Denying Abuse is Cultist Behavior

cults-250x150aI wrote late last night about being ready to return to therapy. But I don’t think I mentioned how damaged and well…I don’t even know what word would describe how I felt yesterday. Depressed, sad, angry, even suicidal doesn’t even seem to quite cut it.

I was in hell…not that I’d know what ‘real hell’ is but I was in a lot of pain yesterday. The effects of things my father had done got an intense emotional grip.

His words said he loved me. Even some of his actions did. But so many more of his actions were nasty, mean and scapegoating.

Worthless! That’s a good word to describe how I felt yesterday.

And the kicker is that my family sees me as the one who’s fucked up and the cause of the issues. My siblings are in such denial about how our parents treated us and raised us. How they ignored so much of the bullying and dysfunction among all of us.

Last night, while watching videos on YouTube, it occurred to me to check out some Jehovah Witness videos. The last relationshit (an affair) I had was with an ex JW himself, and I wanted to see what some of the ex-members had to say about that cult.

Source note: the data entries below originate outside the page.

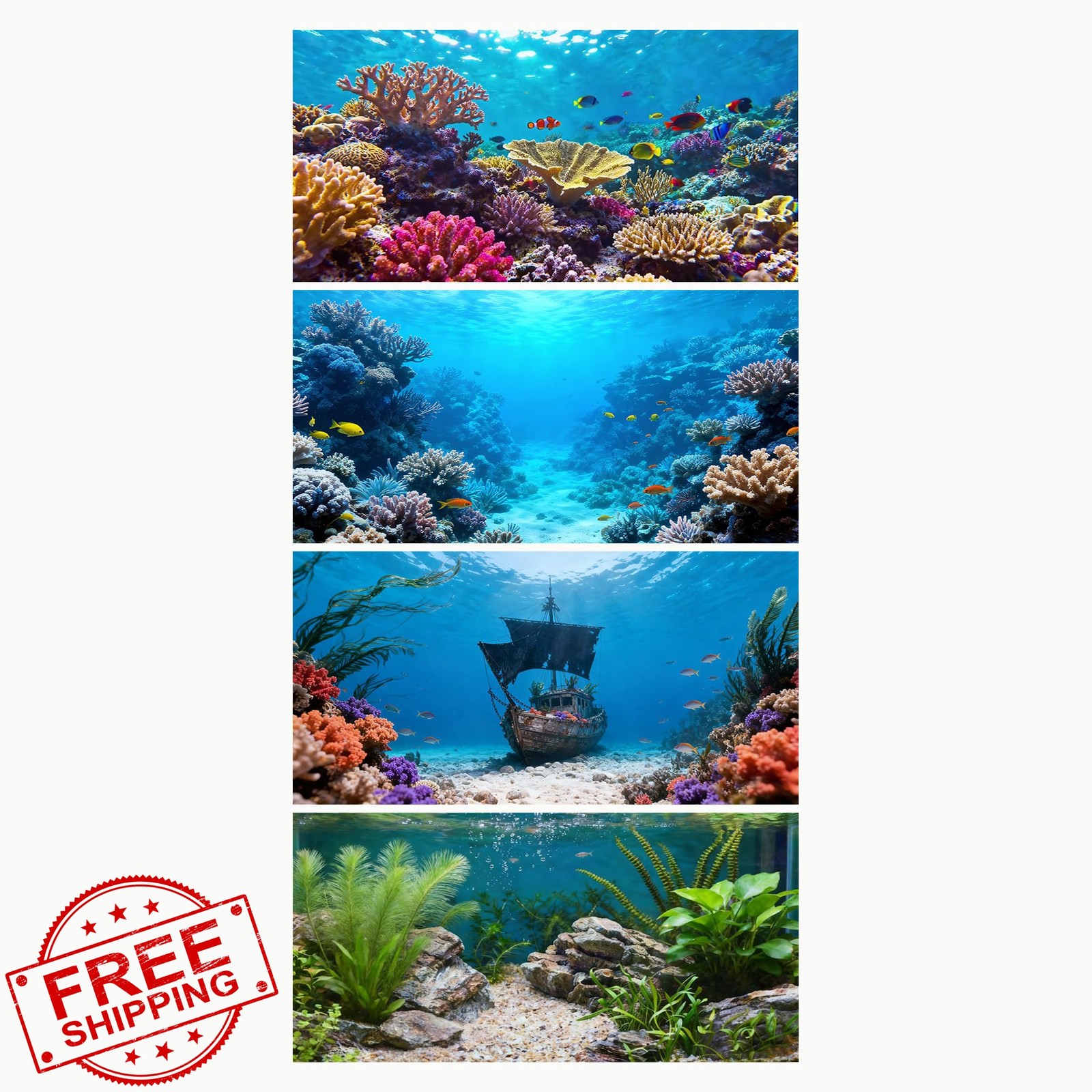 Ricomboo 4pk Aquarium Background 36x18 Undersea Coral Plant Decor
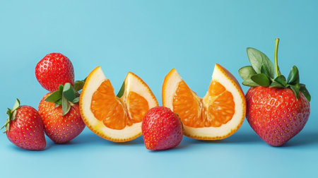 A vibrant mix of orange slices and strawberries against a light blue background.
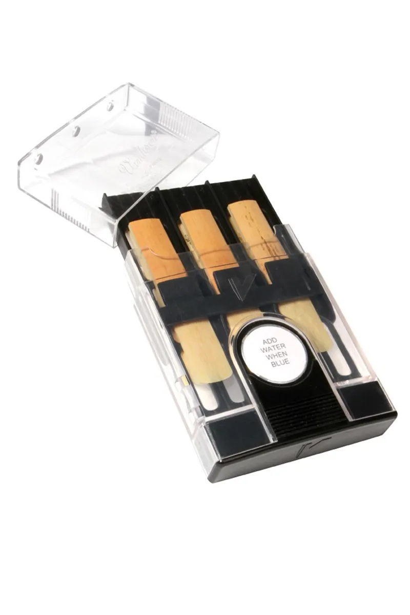 Keep your reeds in a humidity controlled environment. This Hygro Case holds 6 of any bass clarinet / tenor sax or baritone sax reeds. It offers regulated humidification by air circulation and a hygrometry level controlled by a humidity indicator disc.
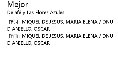 | [00:00.000] | zuo ci : MIQUEL DE JESUS, MARIA ELENA DNU ACEDO BLANCO, DANIEL D ANIELLO, OSCAR |

While watching and listening to one guy, he mentioned an episode of “Panorama” which features the pedophilia in the JW “church”. So I watched that too.

It’s hard to stomach shit like this, but it was very eye opening. It was disgusting how this organization ignores what is happening to the children and when the parents go to the ‘elders’ (who more properly should be called slimy pieces of shit) in this cult to report the crime, they are waved away and told to pray.

The mothers of these violated children, were so brainwashed into believing that these slime ball elders knew better than the mothers themselves, so the mothers would stay and do essentially nothing to protect their children. If they left they’d have nowhere to go essentially.

Of course the abuse of children continues while the elders and members of the organization stay in damaging denial, which results in allowing all that abuse to continue to happen.

Talk about sick shit!

This morning, after I’d processed my yesterday and this documentary, I realized that walking away from an abusive family…whether the abuse is physical or emotional, or both, it’s like getting away from a cult.

While it’s true I have a roof over my head as a result of the kindness of a friend, it’s not the same as having family to count on, having a mother to go to, having siblings to relate to and remember things with.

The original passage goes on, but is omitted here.